Rogers Peet
- Company type: Private
- Industry: Retail
- Founded: November 6, 1874
- Founder: Rogers Peet
- Defunct: mid-1980s
- Headquarters: New York City, United States
- Products: Men's clothing

= Rogers Peet =

Men's clothing company founded in 1874

Rogers Peet was a men's clothing company founded on November 6, 1874. Rogers Peet introduced several innovations into the men's wear business: they attached tags to garments giving fabric composition, they marked garments with price tags (the established practice was to haggle), they offered customers their money back if not satisfied, and they used illustrations of specific merchandise in their advertising. By 1877, it was headed by William R. H. Martin.

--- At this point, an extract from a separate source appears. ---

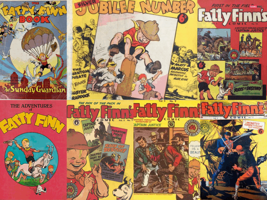 - Fatty Finn Weekly (1934–1935): A groundbreaking publication that marked one of the first locally produced, weekly all-Australian comic books. Created and edited by Nicholls, this comic book format featured Fatty Finn in serialized form, along with other original stories like Forest of Fear and contributions from local artists. It also featured a popular membership club and regular reader competitions, creating a strong community of young fans.

The company's reputation was strong enough that they were referenced in popular songs. In 1919, Cole Porter wrote about them in the song "I Introduced" from Hitchy-Koo of 1919, from the point of view of a man who claims to have "presented Mister Peet to Mister Rogers," having also introduced several other famous partnerships such as Morgan/Hajes, Lord & Taylor and Moet & Chandon. The song "Marry the Man Today" from the 1950 musical Guys and Dolls mentioned Rogers Peet as one of the better things in life, “respectable, conservative and clean” alongside Reader's Digest, the orchestra leader Guy Lombardo, and Ovaltine.

The last Rogers Peet store closed in the mid-1980s. One of their green delivery vehicles can be seen in a street scene in the 1961 film Breakfast at Tiffany's.